__ASSIGNED TASK__:
For the entries that follow, retype exactly the lines from the one containing "Wegen Bestandsreduzierung bieten" to the one containing "Maximize your workspace", inclusive, and only those. Images stay out of the copy.

- Opening Delimiter -

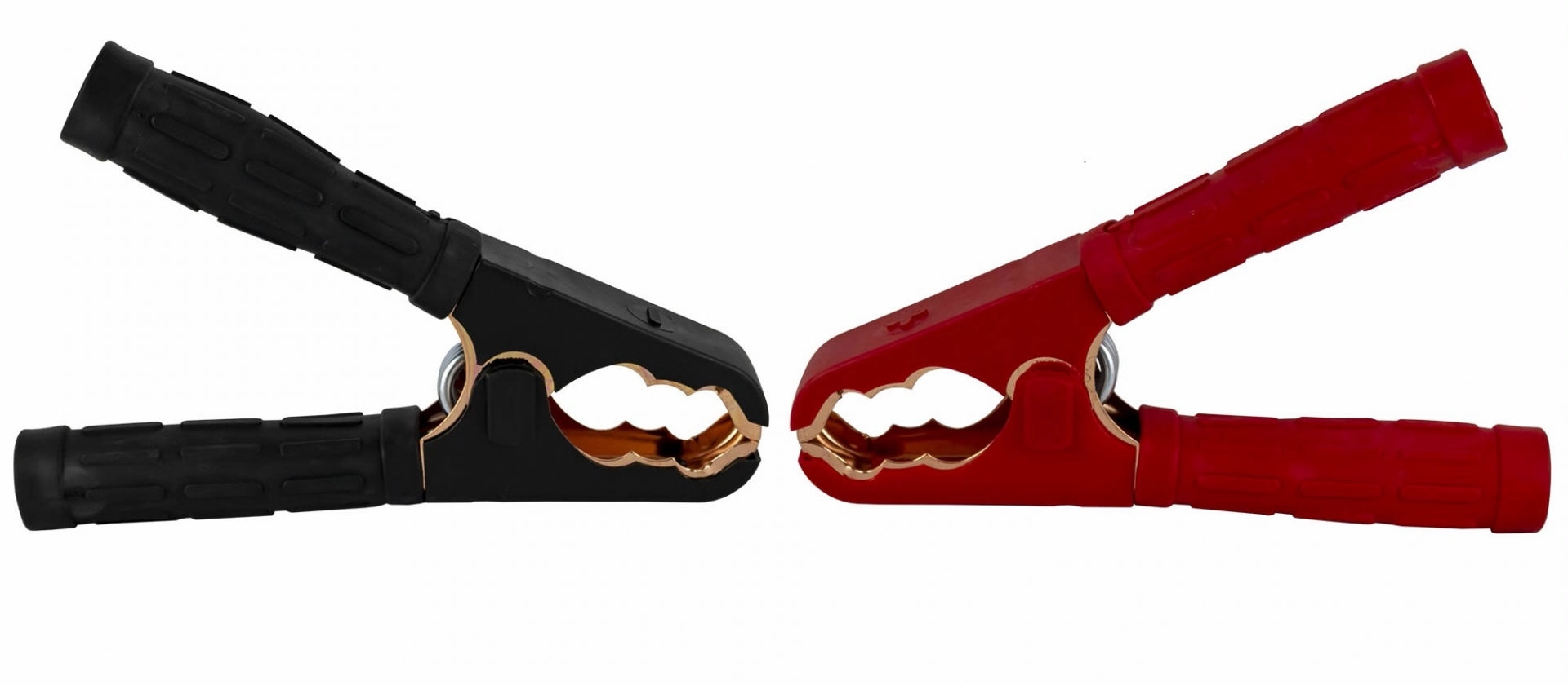 Комплект от 2 броя изолирани щипки за автомобилни акумулатори с медно покритие скоби тип крокодил 300А червено - черно
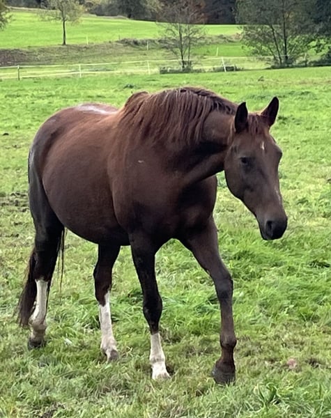 Wegen Bestandsreduzierung bieten wir hier unsere Mia zum Verkauf an. Die Stute ist bei uns in die Zucht gegangen, da sie als Fohlen eine Verletzung hatte. (Fesselbeinfissur) Sie hat zwei bildschöne, korrekte und bewegungsstarke Stutfohlen gebracht. (Können besichtigt werden) 2025 nicht gedeckt, könnte somit in einer der nächsten Rossen besamt werden. Bisher immer beim 1. Versuch tragend, problemlos abgefohlt, gute Mutterstute mit viel Milch. Mia wurde mit guten Noten ins Stutbuch/Hannoveraner aufgenommen. Sie ist Schmiede- und verladefromm, kennt Box sowie Weide/-Zelt. Eventuell auch als Beistellpferd, Bodenarbeit. Leider hat sie bei uns angefangen zu koppen. (Die beiden Jungstuten machen das nicht).
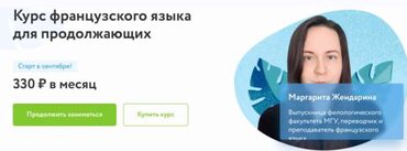 Годовой курс; 60 занятий Занятие состоит из вебинара, домашнего задания и теории. Кому будет полезен курс Курс для тех, кто хочет изучать французский язык с нуля. Какие знания дает курс Знание французского языка на уровнях А1-А2 по общеевропейской шкале языковой компетенции: основные времена,
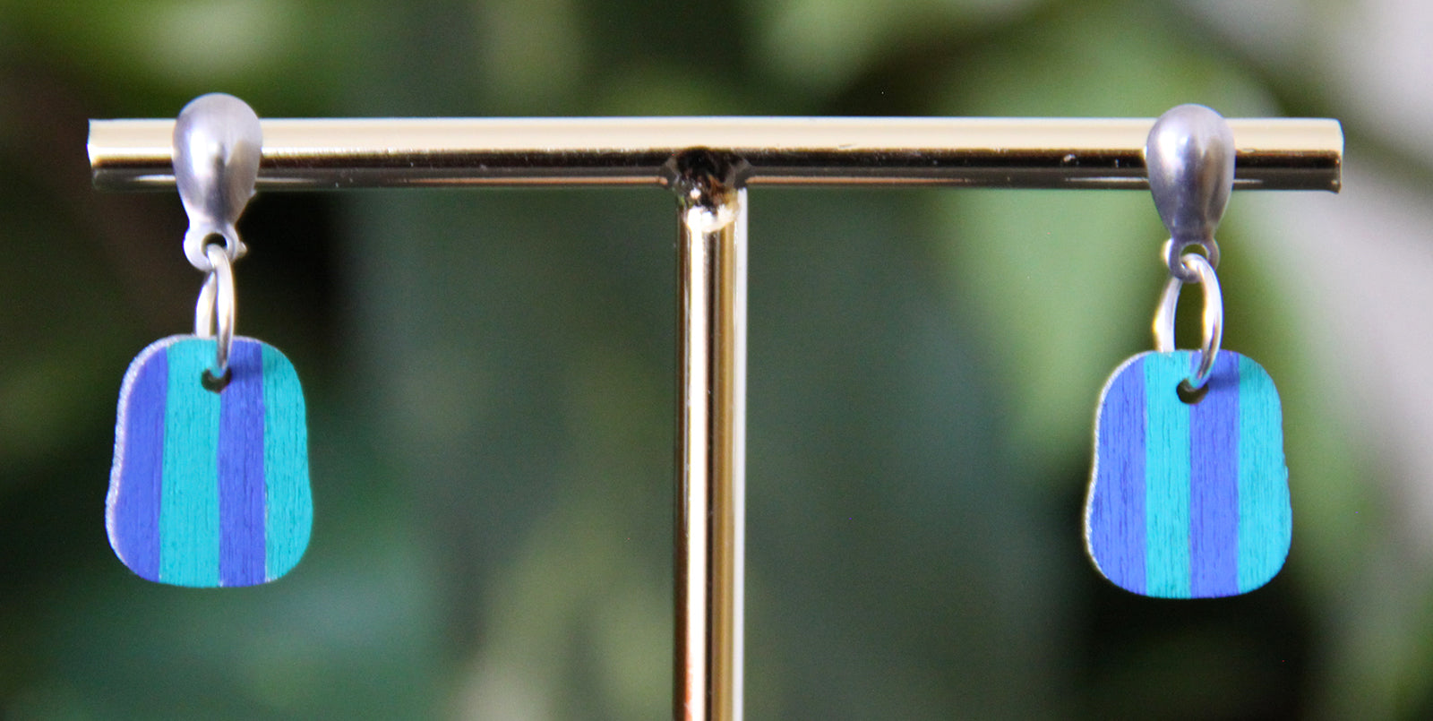 Teal and Blue Linear Small Rectangular Earrings
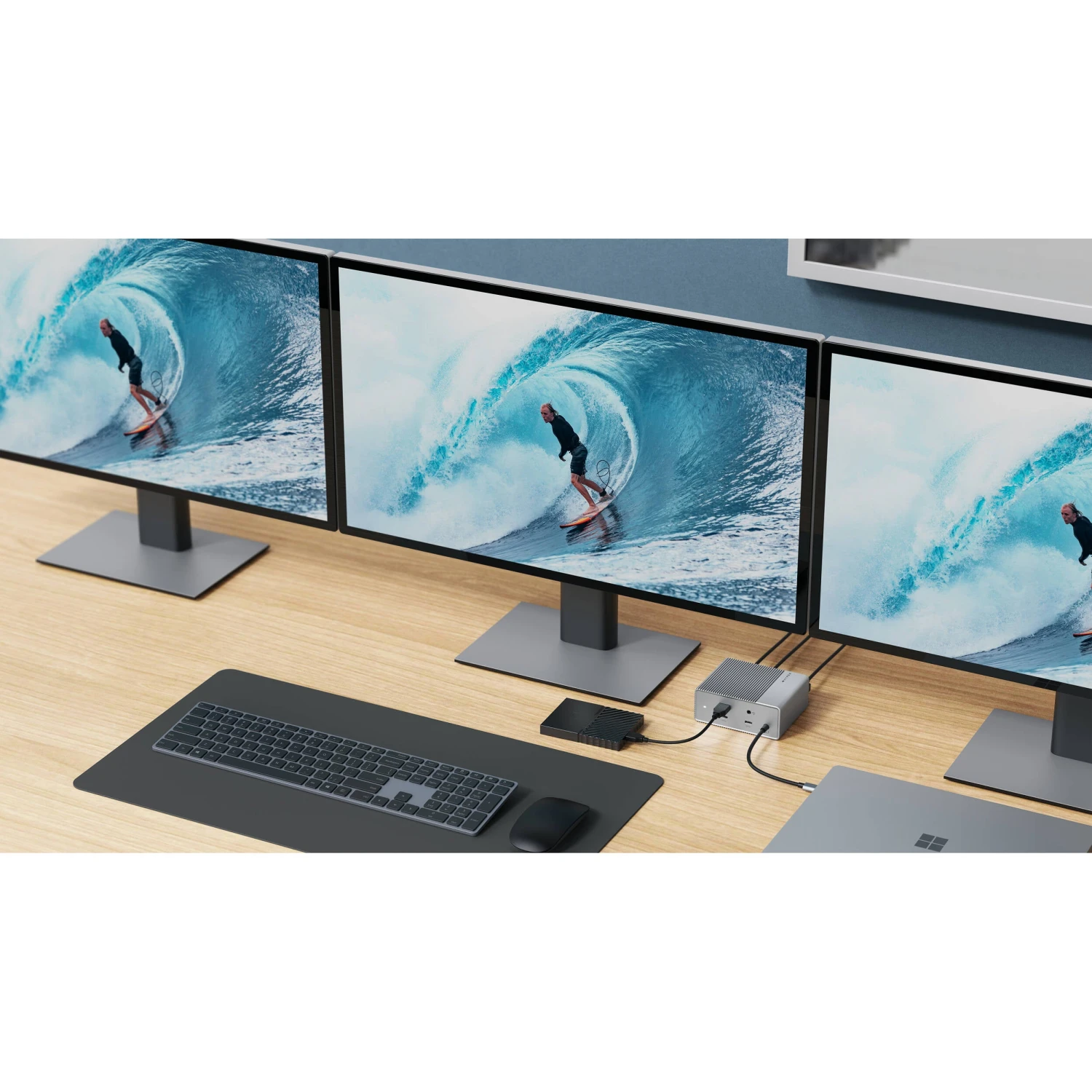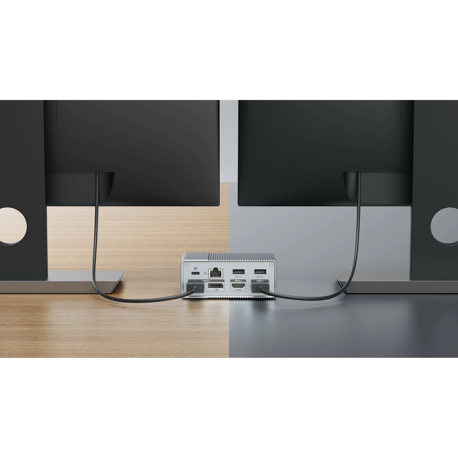 Maximize your workspace with the HYPER HyperDrive GEN2 12-Port USB Type-C Docking Station. This docking station connects via USB 3.2 Gen 2 Type-C, which provides up to 85W of charging. For connecting peripherals and accessories, you can utilize the two USB 3.2 Gen 2 Type-C ports and the two USB 3.2 Gen 2 Type-A ports for 10 Gb/s data transfer rates. There is a USB Type-C charging port that has 100W of Power Delivery.
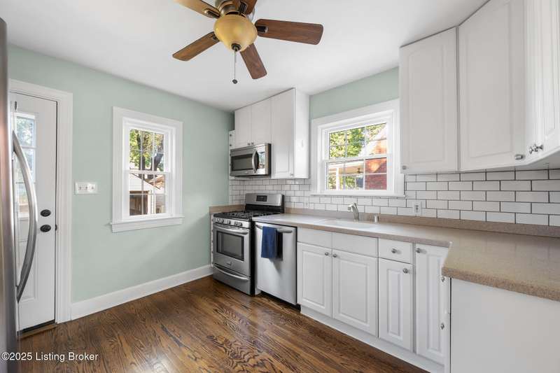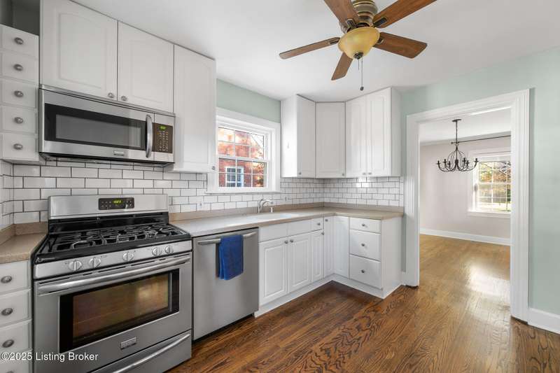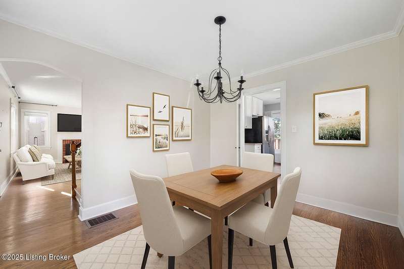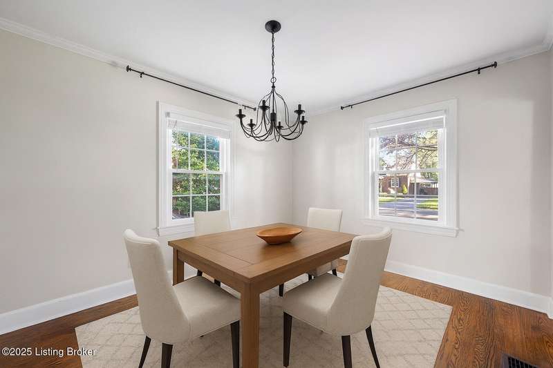 Impeccably maintained and updated brick cape cod in the heart of Saint Matthews on a quiet, tree lined street. Commanding presence from the front, with paver patio sidewalk, porch and garden beds, updated roof (main roof 2015, garage 2021) and replacement windows. Light-filled living room with refinished hardwood floors, crown molding and fireplace. Formal dining room adjacent to kitchen and living room, perfect for entertaining. Updated kitchen with newer appliances, subway tile backsplash, and new main and storm door (2025) leading to an expansive deck. A generous sized bedroom and powder room round out this floor. On the 2nd floor you'll find two bedrooms, with endless storage, and a tiled full bath. The finished lower level includes an area perfect for workout area or office, a separate family room or guest suite, as there is an additional full bath adjacent. Large fenced in backyard and one-car garage in the rear of the property. With many recent updates, including one-year old HVAC, this home is immaculate and truly turn-key. Schedule your private showing today.
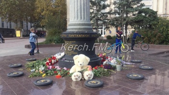 В Керчи 20 октября на городскую площадь керчане все еще несут цветы, свечи, игрушки и сигареты, - передает Керчь.ФМ.
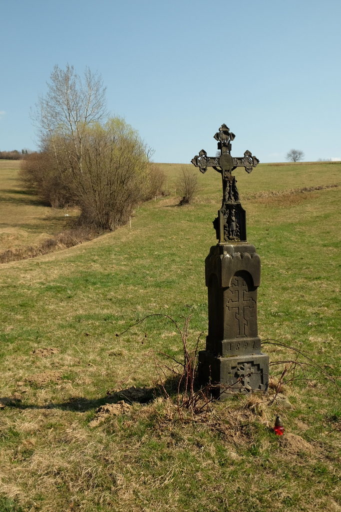 Powoli idąc dalej niepostrzeżenie wchodzę na teren dzisiejszych Owczar Górnych, które przez zamieszkujących je Łemków nazywane były Rieczkami. Po lewej stronie trudny do zauważenia kamienny krzyż, który stojąc z dala od drogi często zasłoniety jest przez trawy i wysokie chwasty. O tej porze roku jest dobrze widoczny bo chwasty jeszcze nie wyrosły.
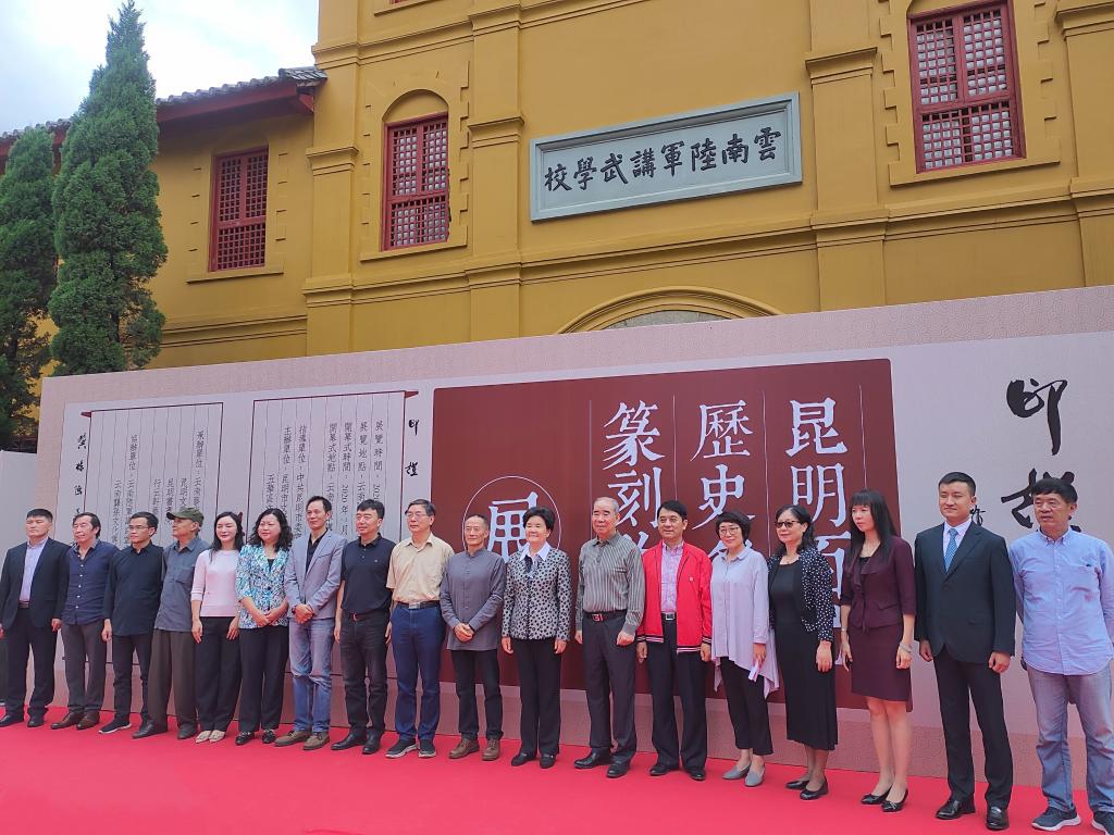 随后,嘉宾进入展厅观展。展览精选了一百位对昆明历史有着突出贡献的名人名字印章,分为篆刻原石、原拓印稿、放大印屏、文创产品四种形式展示,让观者充分感受到昆明的历史文化精神及篆刻艺术的璀璨多姿,通过篆刻的艺术形式,让更多人了解昆明、亲近昆明、宣传昆明、推介昆明。
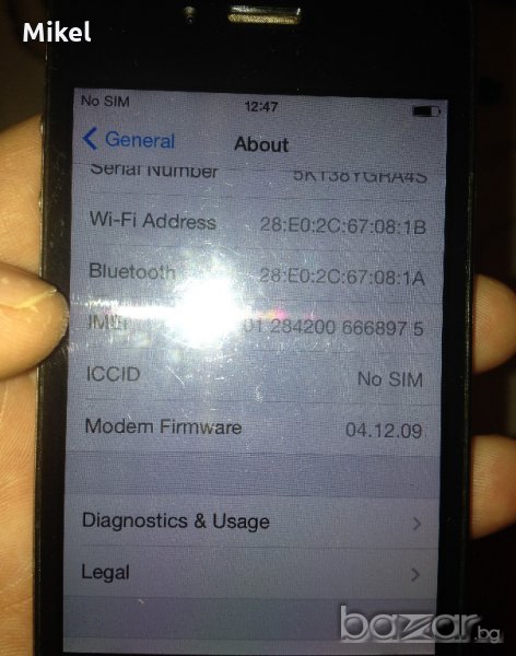 Iphone 4 е отключен, но не открива сим картите и операторите предполагам че е слота за картите прави проблем иначе си работи както се вижда от снимките не е заклюен и не е слаган клауд.

- Closing Delimiter -

__SOLUTION TO THIS TASK__:
 Wegen Bestandsreduzierung bieten wir hier unsere Mia zum Verkauf an. Die Stute ist bei uns in die Zucht gegangen, da sie als Fohlen eine Verletzung hatte. (Fesselbeinfissur) Sie hat zwei bildschöne, korrekte und bewegungsstarke Stutfohlen gebracht. (Können besichtigt werden) 2025 nicht gedeckt, könnte somit in einer der nächsten Rossen besamt werden. Bisher immer beim 1. Versuch tragend, problemlos abgefohlt, gute Mutterstute mit viel Milch. Mia wurde mit guten Noten ins Stutbuch/Hannoveraner aufgenommen. Sie ist Schmiede- und verladefromm, kennt Box sowie Weide/-Zelt. Eventuell auch als Beistellpferd, Bodenarbeit. Leider hat sie bei uns angefangen zu koppen. (Die beiden Jungstuten machen das nicht).
 Годовой курс; 60 занятий Занятие состоит из вебинара, домашнего задания и теории. Кому будет полезен курс Курс для тех, кто хочет изучать французский язык с нуля. Какие знания дает курс Знание французского языка на уровнях А1-А2 по общеевропейской шкале языковой компетенции: основные времена,
 Teal and Blue Linear Small Rectangular Earrings
 Maximize your workspace with the HYPER HyperDrive GEN2 12-Port USB Type-C Docking Station. This docking station connects via USB 3.2 Gen 2 Type-C, which provides up to 85W of charging. For connecting peripherals and accessories, you can utilize the two USB 3.2 Gen 2 Type-C ports and the two USB 3.2 Gen 2 Type-A ports for 10 Gb/s data transfer rates. There is a USB Type-C charging port that has 100W of Power Delivery.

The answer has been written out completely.